You may informally discuss with fellow students how to perform a task. However, you are
not allowed to share your code, and should write the report on your own.
The following is a more detailed description of what the assignment entails.
Part A: UK Fishing vessels
The goal of this part is provide a graphical representation of the geographical distribution of
UK fishing vessels under 10 metres in length.
1. Use get_map() in package ggmap to obtain from Stamen Maps a map of the UK and
save it into an object UKmap. Make sure that Northern Ireland and the Shetland Islands
are included, this will require some experimentation to find an appropriate bounding box.
2. Read into R the vessel data using read_csv(), then change the variables’ names as
done in the lectures.
13. Produce a tibble AdminPortCount containing a tally of the numbers of vessels in each
Administrative Port.
4. Use geocode() on the first column of AdminPortCount to obtain a tibble with the
coordinates of each port. Then, with bind_cols(), bind together this tibble and
AdminPortCount, and call the resulting tibble AdminPortCLL.
Check that the coordinates of the ports in AdminPortCLL are all within the map’s
bounding box; filter() may be useful for this purpose.
If any of the coordinates are outside the map, use geocode() again for the corresponding
ports, adding ", UK" to the name of the port. Then replace the wrong coordinates in
AdminPortCLL with the correct ones. Print the tibble AdminPortCLL.

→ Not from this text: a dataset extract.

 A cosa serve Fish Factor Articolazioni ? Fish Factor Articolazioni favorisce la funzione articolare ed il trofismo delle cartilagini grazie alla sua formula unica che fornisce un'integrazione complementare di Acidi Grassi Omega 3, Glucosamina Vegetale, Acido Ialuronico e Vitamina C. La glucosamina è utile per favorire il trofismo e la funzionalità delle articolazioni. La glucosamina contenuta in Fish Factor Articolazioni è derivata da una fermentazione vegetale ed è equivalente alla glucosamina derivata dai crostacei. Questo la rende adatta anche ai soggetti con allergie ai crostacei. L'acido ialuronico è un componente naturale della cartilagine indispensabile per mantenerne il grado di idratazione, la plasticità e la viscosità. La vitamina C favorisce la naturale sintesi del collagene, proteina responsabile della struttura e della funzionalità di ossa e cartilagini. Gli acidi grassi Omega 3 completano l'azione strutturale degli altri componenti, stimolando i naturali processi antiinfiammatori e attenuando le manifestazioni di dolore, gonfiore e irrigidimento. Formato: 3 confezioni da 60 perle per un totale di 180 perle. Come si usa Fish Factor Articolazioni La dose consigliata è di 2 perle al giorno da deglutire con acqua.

5. Plot UKmap with ggmap() and use geom_point() to overlay on it red filled circles
centered at the Administrative ports and with area proportional to the number of fishing
vessels in each port. The size aesthetic is useful in this regard. Experiment with a few
values of alpha to control the transparency of the circles. What is the eect
of adding
scale_size_area() to the specification of your plot?
Part B: LendingClub’s data on Loans and Rejections
The general aim of this part is to produce some plots to compare the loans granted by
LendingClub to the loan applications that were rejected. In order to do that, the data for
Loans and Rejects, which are available in dierent
formats, need to undergo preliminary
transformations.
1. Pick a State in the U.S., a list is available at https://en.wikipedia.org/wiki/U.S._state.

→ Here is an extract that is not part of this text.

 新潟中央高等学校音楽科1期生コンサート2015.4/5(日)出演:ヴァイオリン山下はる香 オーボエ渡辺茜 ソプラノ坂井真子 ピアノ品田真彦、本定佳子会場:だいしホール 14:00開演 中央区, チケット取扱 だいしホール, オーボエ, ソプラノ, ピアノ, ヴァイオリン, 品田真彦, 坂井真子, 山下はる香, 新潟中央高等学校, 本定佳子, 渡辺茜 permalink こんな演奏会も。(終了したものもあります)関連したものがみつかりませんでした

Send me an email at agostino.nobile@york.ac.uk with subject Maths Skills 2 -
US State, to inform me of your choice: I may ask you to change it, if it is unsuitable or
too popular. By sending the email you are not committing yourself to that choice of
State (email me again to change it), or indeed to doing the Statistics assignment of
Maths Skills 2.
2. Go to the LendingClub website https://www.lendingclub.com/info/download-data.action
and download the Loans data and the Rejections data for the four quarters of 2018.
Also download the Data Dictionary available at the bottom of the same page. It may
be useful to explore a bit the LendingClub site, to get an idea of their business and of
peer-to-peer lending more generally.
The eight zipped csv files downloaded have a total size of about 170MB. Place them in
a subfolder, say called DATA, of the folder where you keep the Rmd file for this project.

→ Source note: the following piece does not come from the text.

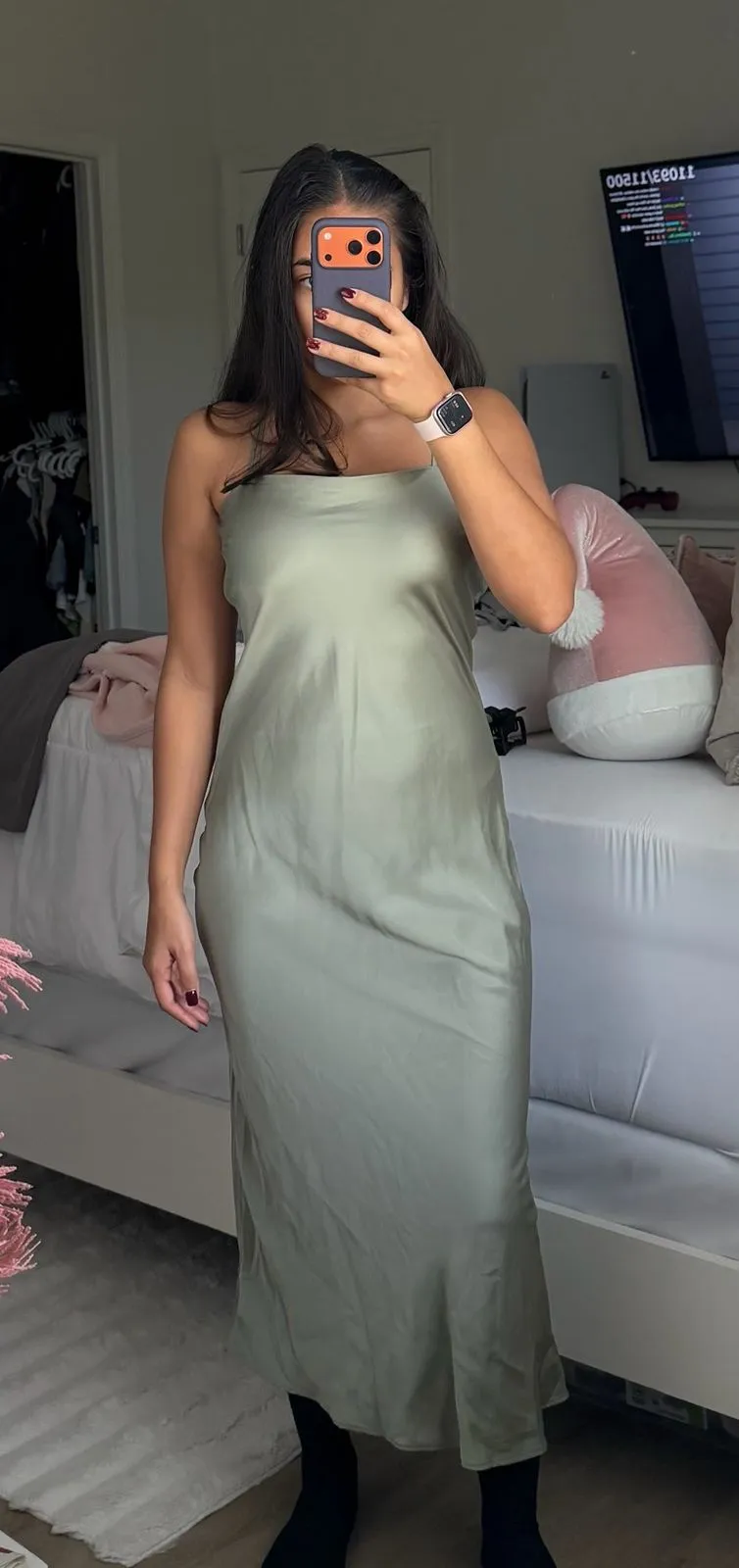 No flaws! Brand New With Tags! Size XS PETITE. Runs true to size. I am 5’2 and 120 pounds and this f... Show more

Depending on how much disk space you have available, you may not wish to unzip all
the files at once, as their inflated size is about 1.1GB.
23. For each of the zipped Rejects files:
Unzip the file from within R using something like
system("unzip DATA/filename.csv.zip")
Read the data in the unzipped file into R, using read_csv().
Remove the unzipped file (to save disk space), with something like
system("rm filename.csv")
Filter the data in the resulting tibble, to keep only the records where the variable State
equals the two letter code of your chosen state.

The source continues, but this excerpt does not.